The first, and most obvious, reason to love the ETF is for the income it generates. The Vanguard High Dividend Yield ETF tracks an index of stocks that have above-average dividend yields, specifically excluding REITs, and currently pays about 3.5%. The fund is rather top-heavy, meaning that the largest stocks make up a substantial percentage of its assets, but the top holdings include rock-solid companies like Microsoft, Johnson & Johnson, and JPMorgan Chase, just to name a few.
Before you retire, these dividends will help your investment compound faster, taking full advantage of the tax-advantaged nature of your IRA. And after you retire, the high yield can provide a reliable stream of income.

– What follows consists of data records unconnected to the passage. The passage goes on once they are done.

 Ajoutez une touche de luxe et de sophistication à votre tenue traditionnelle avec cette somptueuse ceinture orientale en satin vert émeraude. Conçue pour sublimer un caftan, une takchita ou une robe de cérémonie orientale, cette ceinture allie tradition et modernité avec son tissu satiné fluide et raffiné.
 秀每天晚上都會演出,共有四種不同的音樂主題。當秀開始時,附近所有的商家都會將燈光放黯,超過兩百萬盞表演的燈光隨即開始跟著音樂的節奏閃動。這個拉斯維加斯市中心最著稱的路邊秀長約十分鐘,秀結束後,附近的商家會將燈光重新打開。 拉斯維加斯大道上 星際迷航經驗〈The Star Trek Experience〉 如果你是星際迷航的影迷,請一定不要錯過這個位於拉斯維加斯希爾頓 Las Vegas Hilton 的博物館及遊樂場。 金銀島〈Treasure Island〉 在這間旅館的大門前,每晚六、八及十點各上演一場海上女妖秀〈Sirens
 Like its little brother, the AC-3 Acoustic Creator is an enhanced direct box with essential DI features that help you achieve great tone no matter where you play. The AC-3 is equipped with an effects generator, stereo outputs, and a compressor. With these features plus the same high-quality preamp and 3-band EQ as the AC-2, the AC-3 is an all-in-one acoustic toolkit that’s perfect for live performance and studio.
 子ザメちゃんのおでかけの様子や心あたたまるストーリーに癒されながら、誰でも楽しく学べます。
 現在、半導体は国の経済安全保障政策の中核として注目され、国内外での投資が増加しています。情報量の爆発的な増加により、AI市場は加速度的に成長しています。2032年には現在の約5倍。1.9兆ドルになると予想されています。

Next, and not as obvious, is for the downside protection. Generally speaking, dividend-paying stocks tend to do better than their non-dividend counterparts during corrections and recessions, and this is especially true with mature companies like those that make up the fund's big holdings. With many experts forecasting a correction in 2018, this could be a smart way to play defense.
Finally, like most Vanguard products, the High Dividend Yield ETF is cheap. With an expense ratio of just 0.08%, you'll get to keep most of your gains.
Dividends with a dollop of growth
Dan Caplinger (Vanguard Dividend Appreciation): Dividend stocks have been some of the best long-term performers in the stock market, and exchange-traded funds that track indexes of dividend stocks have a lot of appeal for investors who want their powerful combination of current income and prospects for growth down the road. Like Matt and his recommendation of sister dividend ETF Vanguard High Dividend Yield, I respect the low expenses and ample liquidity that the Vanguard Group provides.
Vanguard Dividend Appreciation takes a slightly different angle from many other dividend ETFs in that rather than emphasizing current yield, it looks for stocks that have demonstrated a track record of growing their dividend payouts over time. That strategy can end up investing in stocks with relatively low dividend yields right now, with the expectation that subsequent dividend growth will result in above-average yields in the future. Yet ETF shareholders don't have to give up all their income, as the fund's current distribution yield of 1.8% is very close to the market's overall average, and average annual returns of nearly 14% over the past five years are quite attractive. For retirement investors who don't necessarily need maximum income right now but want to boost their chance of bigger future payouts, Vanguard Dividend Appreciation makes a solid choice for an IRA.
A fund fit for smaller stocks
Jordan Wathen (iShares Core S&P Mid-Cap ETF): The two index funds my colleagues picked are great for creating income from large-cap stocks, so I'll round it out with a mid-cap index fund that invests in smaller companies. The iShares Core S&P Mid-Cap ETf holds approximately 400 mid-cap companies with market values ranging from $1.6 billion to $6.8 billion.
Mid-cap stocks have historically produced higher returns than large caps, thanks to the fact that mid caps tend to be less mature businesses with more room for growth, and because large-cap companies often acquire them at a premium. That said, most of the return comes from capital appreciation rather than yield, as this fund yields only about half that of large-cap funds.
I like this index fund because it's based on the S&P MidCap 400 Index, which is made up of 400 companies that are generally too small for inclusion in the S&P 500 Index. Thus, it is a great complement to an investment in an S&P 500 index fund, as there is no overlap (shared holdings) between the two indexes. Best of all, this fund is downright cheap, carrying an expense ratio of just 0.07% of assets, ensuring that fees don't put much of a drag on its long-run returns.